╔══
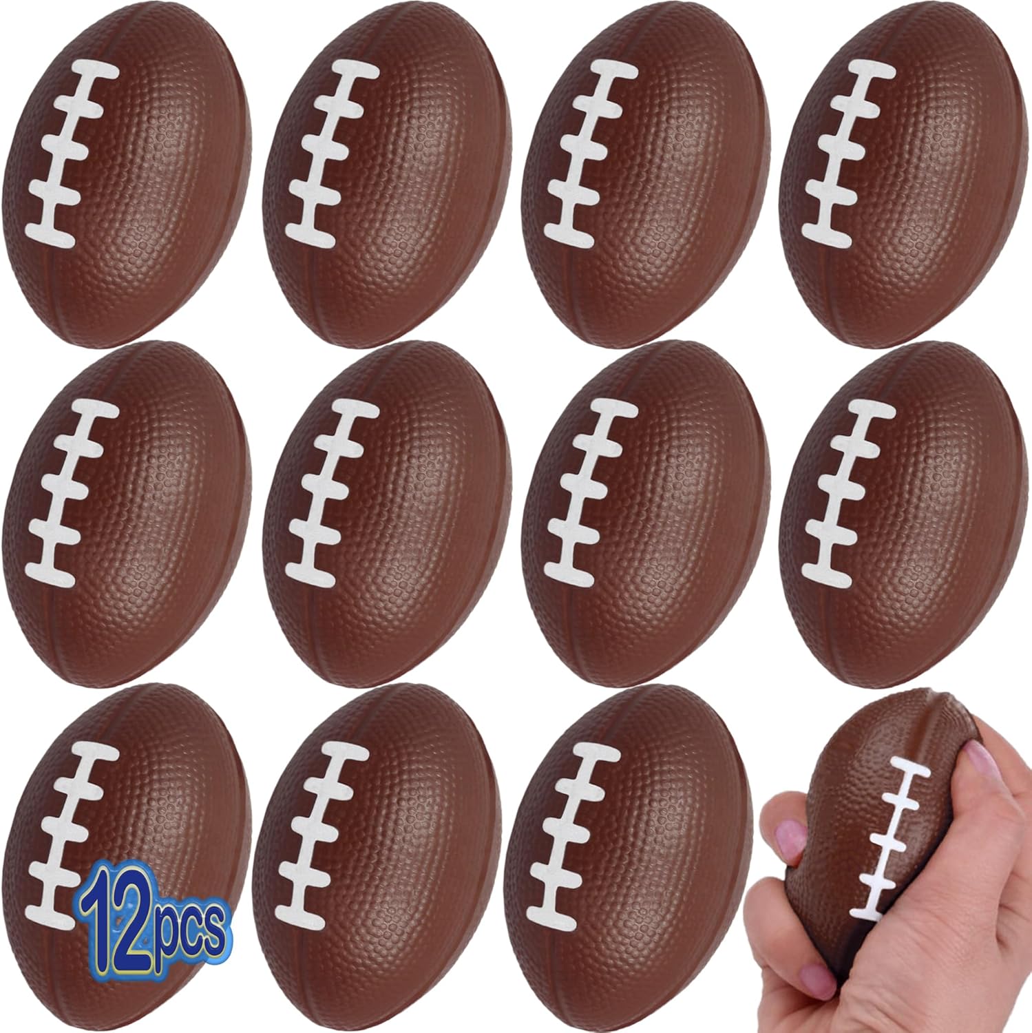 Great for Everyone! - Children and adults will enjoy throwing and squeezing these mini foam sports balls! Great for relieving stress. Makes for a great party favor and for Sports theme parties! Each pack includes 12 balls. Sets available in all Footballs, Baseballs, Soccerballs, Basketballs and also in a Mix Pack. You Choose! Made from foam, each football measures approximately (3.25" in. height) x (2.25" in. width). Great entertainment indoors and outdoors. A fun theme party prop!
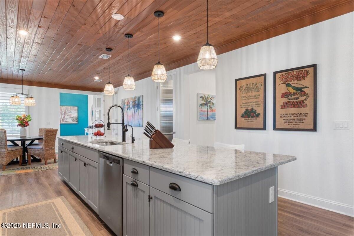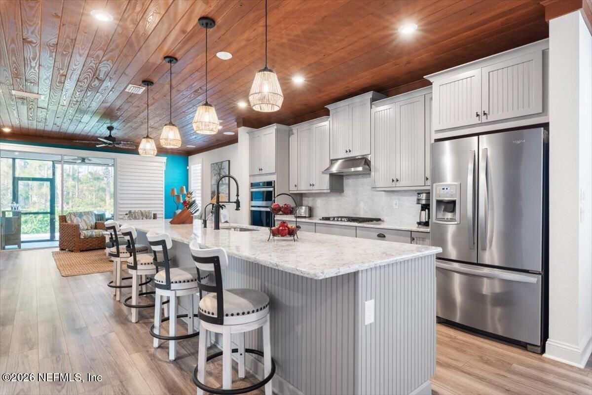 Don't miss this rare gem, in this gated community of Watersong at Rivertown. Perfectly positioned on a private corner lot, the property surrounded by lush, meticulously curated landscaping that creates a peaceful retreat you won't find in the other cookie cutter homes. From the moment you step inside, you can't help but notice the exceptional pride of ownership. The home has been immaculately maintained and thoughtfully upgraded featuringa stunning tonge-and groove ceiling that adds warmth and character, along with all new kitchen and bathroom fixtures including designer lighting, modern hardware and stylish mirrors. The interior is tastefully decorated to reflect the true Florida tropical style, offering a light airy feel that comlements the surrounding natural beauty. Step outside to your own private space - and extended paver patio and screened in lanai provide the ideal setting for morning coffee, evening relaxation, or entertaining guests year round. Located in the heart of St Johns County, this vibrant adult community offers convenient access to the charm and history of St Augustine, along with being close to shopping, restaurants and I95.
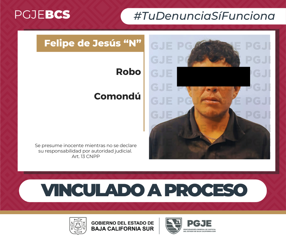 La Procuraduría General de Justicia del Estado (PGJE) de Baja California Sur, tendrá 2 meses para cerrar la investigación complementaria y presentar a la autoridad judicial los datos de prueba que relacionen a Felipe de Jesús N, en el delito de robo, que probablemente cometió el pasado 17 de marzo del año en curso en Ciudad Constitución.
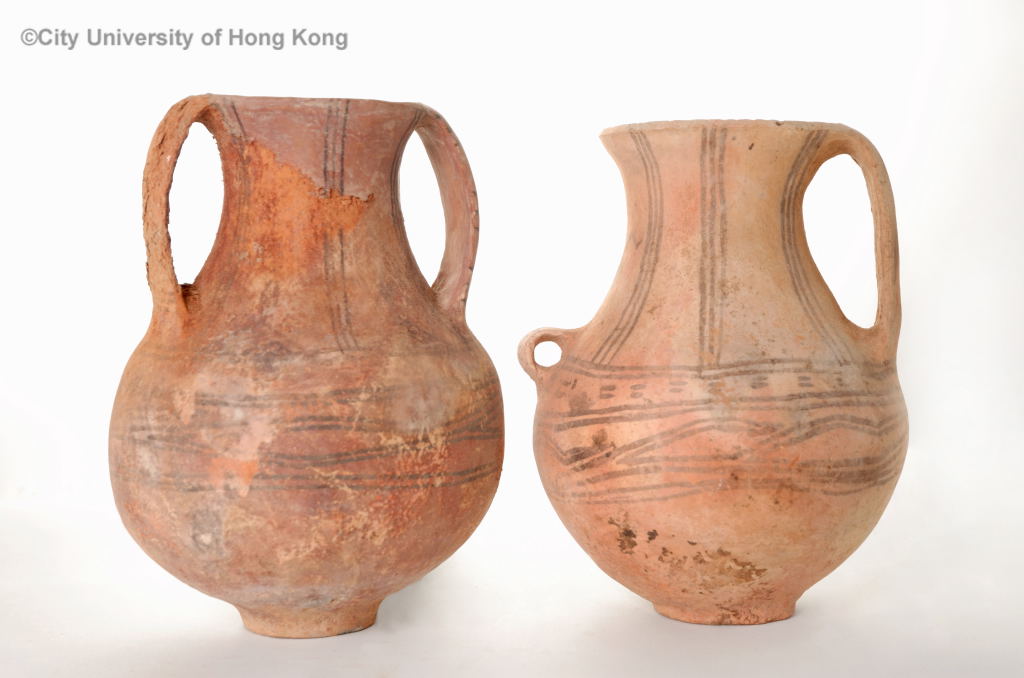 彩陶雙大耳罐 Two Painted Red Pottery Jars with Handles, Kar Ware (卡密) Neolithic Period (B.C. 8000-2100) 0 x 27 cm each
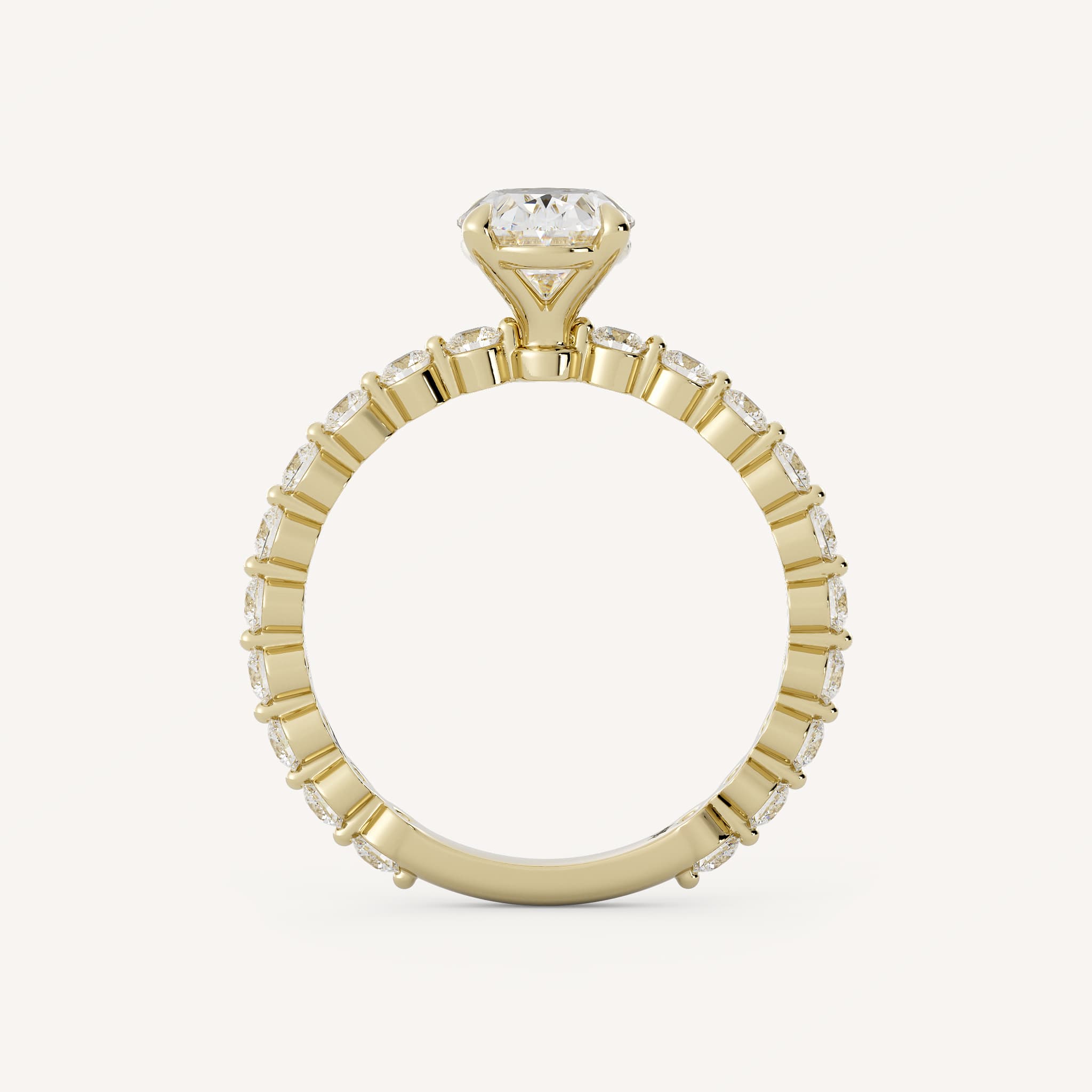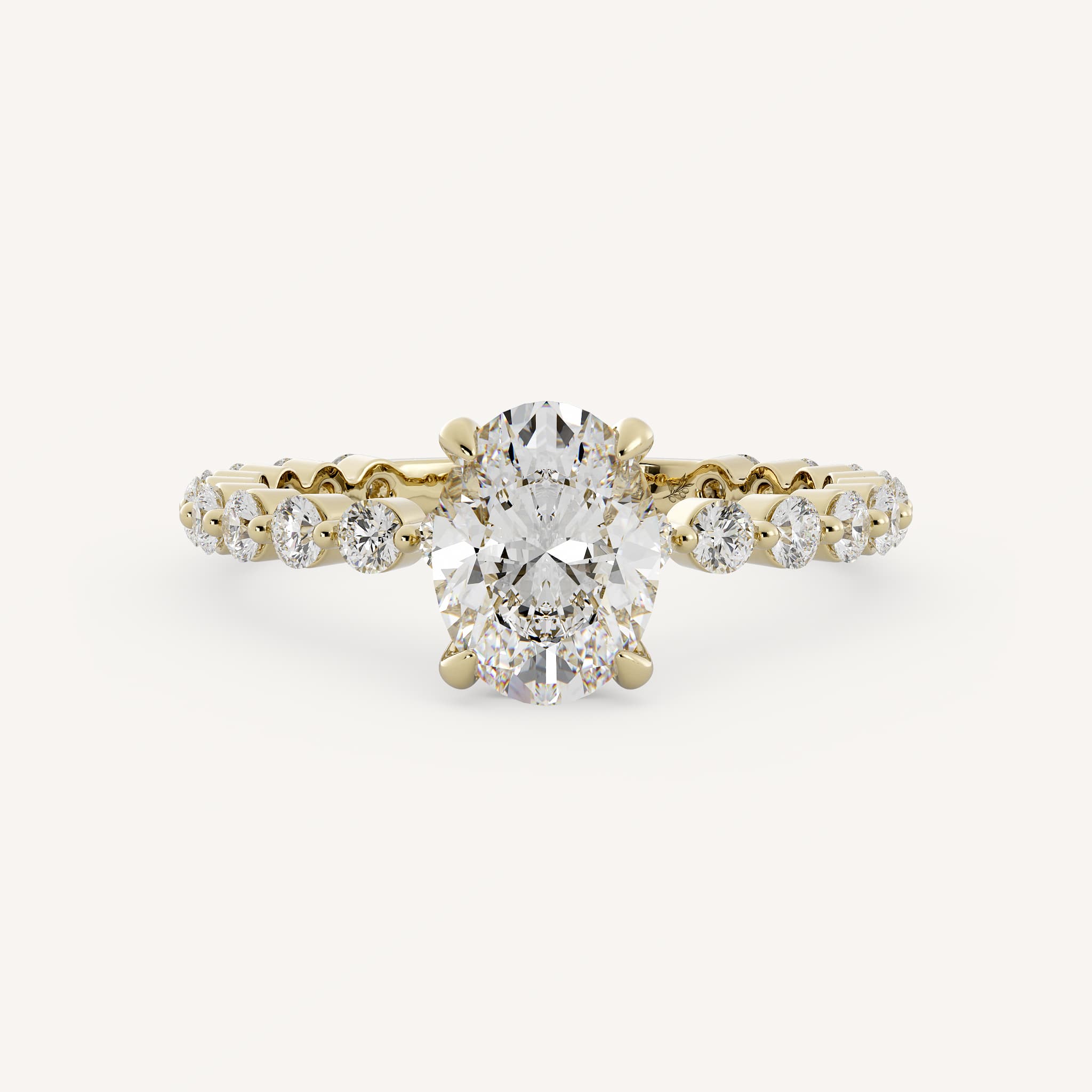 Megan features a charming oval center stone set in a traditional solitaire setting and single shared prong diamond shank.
╚══
#### Exercise directions
Your answer must be the full listing, reproduced word for word, without its pictures.

#### Written response
 Great for Everyone! - Children and adults will enjoy throwing and squeezing these mini foam sports balls! Great for relieving stress. Makes for a great party favor and for Sports theme parties! Each pack includes 12 balls. Sets available in all Footballs, Baseballs, Soccerballs, Basketballs and also in a Mix Pack. You Choose! Made from foam, each football measures approximately (3.25" in. height) x (2.25" in. width). Great entertainment indoors and outdoors. A fun theme party prop!
 Don't miss this rare gem, in this gated community of Watersong at Rivertown. Perfectly positioned on a private corner lot, the property surrounded by lush, meticulously curated landscaping that creates a peaceful retreat you won't find in the other cookie cutter homes. From the moment you step inside, you can't help but notice the exceptional pride of ownership. The home has been immaculately maintained and thoughtfully upgraded featuringa stunning tonge-and groove ceiling that adds warmth and character, along with all new kitchen and bathroom fixtures including designer lighting, modern hardware and stylish mirrors. The interior is tastefully decorated to reflect the true Florida tropical style, offering a light airy feel that comlements the surrounding natural beauty. Step outside to your own private space - and extended paver patio and screened in lanai provide the ideal setting for morning coffee, evening relaxation, or entertaining guests year round. Located in the heart of St Johns County, this vibrant adult community offers convenient access to the charm and history of St Augustine, along with being close to shopping, restaurants and I95.
 La Procuraduría General de Justicia del Estado (PGJE) de Baja California Sur, tendrá 2 meses para cerrar la investigación complementaria y presentar a la autoridad judicial los datos de prueba que relacionen a Felipe de Jesús N, en el delito de robo, que probablemente cometió el pasado 17 de marzo del año en curso en Ciudad Constitución.
 彩陶雙大耳罐 Two Painted Red Pottery Jars with Handles, Kar Ware (卡密) Neolithic Period (B.C. 8000-2100) 0 x 27 cm each
 Megan features a charming oval center stone set in a traditional solitaire setting and single shared prong diamond shank.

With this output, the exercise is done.